10 de abril de 2013

Engano





Engano
Philip Roth
D. Quixote
16,90€
****
Enquanto somos pequenos há sempre aquele rapaz matulão, mais velho e mais esperto, que convence os outros a ir caçar gambozinos. Fica a assistir de camarote enquanto os outros procuram com esmero aquilo que nunca vão encontrar, mesmo que pelo caminho encontrem outras coisas mais interessantes. Com Engano, Philip Roth é esse rapaz, e todos os leitores se convertem em caçadores no vazio.
A caçada começa por ser frustrante. Só há diálogo, nem uma única narração, com saltos no tempo, saltos nas situações. Até se entrar no ritmo, a tentação é voltar muitas vezes atrás para tentar descobrir quem disse o quê. Só depois percebemos que isso não interessa. Percebemos que nem aquela situação de adultério evidente na história é o mais importante. É a caçada que nos move, a nós e a ele, Philip Roth, num engano com um sentido mais do que duplo.
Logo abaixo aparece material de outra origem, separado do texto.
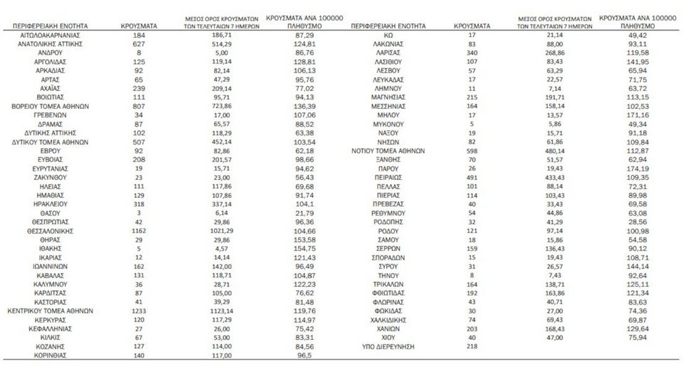 Τα κρούσματα του τελευταίου 24ώρου στην Αττική

Se é um Philip escritor que está ali a conversar com a sua amante, é isto uma autobiografia? É o escritor apaixonado pela personagem? É uma ficção que se assume como ficção só para esconder uma verdade ou não há verdade nenhuma? O livro lança as pistas. É também o livro que faz questão de expor os seus ingredientes ‘Rothianos’ para despistar: as questões judaicas, o mau trato das figuras femininas, a escrita seca e afiada. Mas o homem que nos põe a todos a caçar entidades inexistentes afinal está só a divertir-se com os limites da ficção, a manobrar na sombra um jogo inteligente e corajoso que deixa de fora todos os que desistirem antes de tempo. E chegar ao fim sem ter caçado o gambozino é o melhor troféu de caça que nos podia ser oferecido.